01/09/2012

Le bien-être n'est pas égal au PIB

Comment sortir d’une spirale de croissance du PIB pour entrer dans un cercle vertueux du bien-être des populations ?

La question semble peu à propos mais les défis du futur devront se gérer ainsi. Nous pouvons opposer chaque virgule, chaque syllabe à cette équation encore vierge d’analyse économique mais la croissance du PIB n’a aucune incidence sur notre confort de vie.

A cela, je n’oppose ni les lois du libre marché, ni les velléités de bolchévisme primaire ou encore le discours moralisateur de l’écologie. Cela ne supporte non plus aucune stratégie diplomatique. Le bien-être des personnes se mesure simplement à leur foi en leur propre avenir et ceux de leur descendance.

Je suis satisfait que les banques cherchent à augmenter leur capital. Heureux tant qu’elles se limitent à la spéculation du superflu. En revanche, je doute fortement que la monétisation des matières premières vivrières soient de bon augure pour notre qualité de vie. Il ne faut pas oublier que les accords entre  nations se dénoncent unilatéralement. Le droit de succession entre la France et la Suisse en est une illustration. Le vol de données privées par des états tiers en est une autre.

Alors, en tant que pays souverain, nous avons l’obligation de prévoir ces changements de paradigmes qui pourraient « survenuire » et plonger notre système civique dans un chambardement sans précédent.

Le logement, mais aussi les surfaces d’assolement, la puissance industrielle ou financière et le filet social devraient être les indicateurs de nos politiques publiques. C’est à l’aune de ces indices que nous aurons acquis le droit de nous réclamer du groupe des pays industrialisés.

Et le système actuel alors ? Il a fait son temps. Son point d’orgue se répertorie en pleine guerre froide et il n’a plus de raison d’être. Pour que les emplois du tertiaire comme du primaire soient une réalité de demain, soutenu par une volonté éthique et souverainiste, il se pourrait que l’envie d’agir, comme notre îlot en est capable, fasse des émules car la réussite n'en est pas une, tant qu'elle suscite la jalousie; nous devons susciter l'envie.
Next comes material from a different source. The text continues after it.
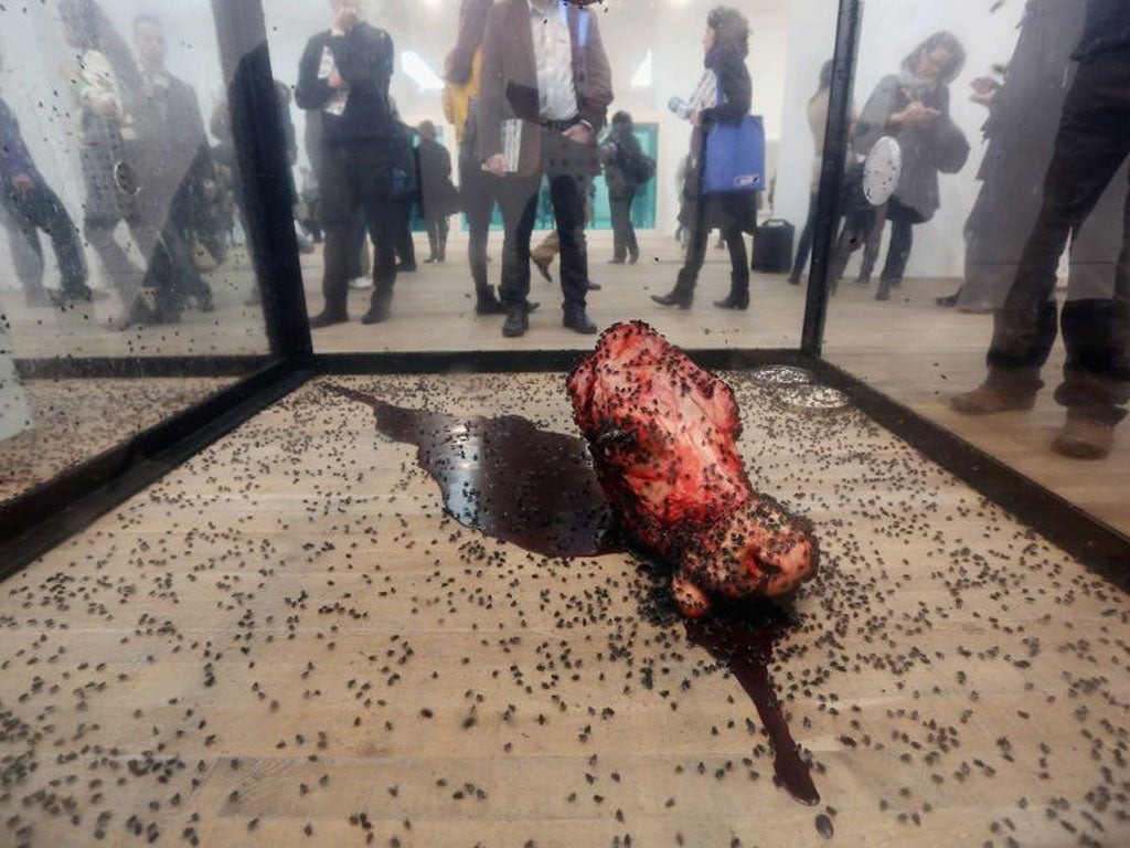 Visitors will be assaulted by the smell of dying flies and a rotting cow's head in A Thousand Years (1990), where flies emerge from maggots, eat from the animal's head and die on an Insectocutor.

Et la fiscalité dans tout ça ? Une logique souverainiste fournie toutes les raisons de laisser la responsabilité de chaque état face à sa population. La capacité de survivre dans un monde qui fait fi des simples règles du bien-vivre ensemble sont le pacte social entre les entités politiques et la population.

Plus l’impôt est confiscatoire, plus la dépendance au PIB est grande, et plus nous avons d'ennemis potentiels...

 

Antoine GAMBUZZA

01:09 Publié dans Air du temps | Lien permanent | Commentaires (2) | |  Facebook | | | |

Commentaires

Tu parles de la politique avec poésie ; qu il est toujours aussi interrassant de lire ! Mais ce n est pas pour autant qu il m est facile de dire ce que j en pense!

Écrit par : valérie | 01/09/2012

Ma foi, certaines personnes préfèreraient que je me limite à la poésie et je devrais les écouter.

Il est plus facile de parler de sexe que de religion. Alors la politique...
Mais si tu as tant de peine à t'exprimer, avec la crainte de me blesser, prends un pseudo...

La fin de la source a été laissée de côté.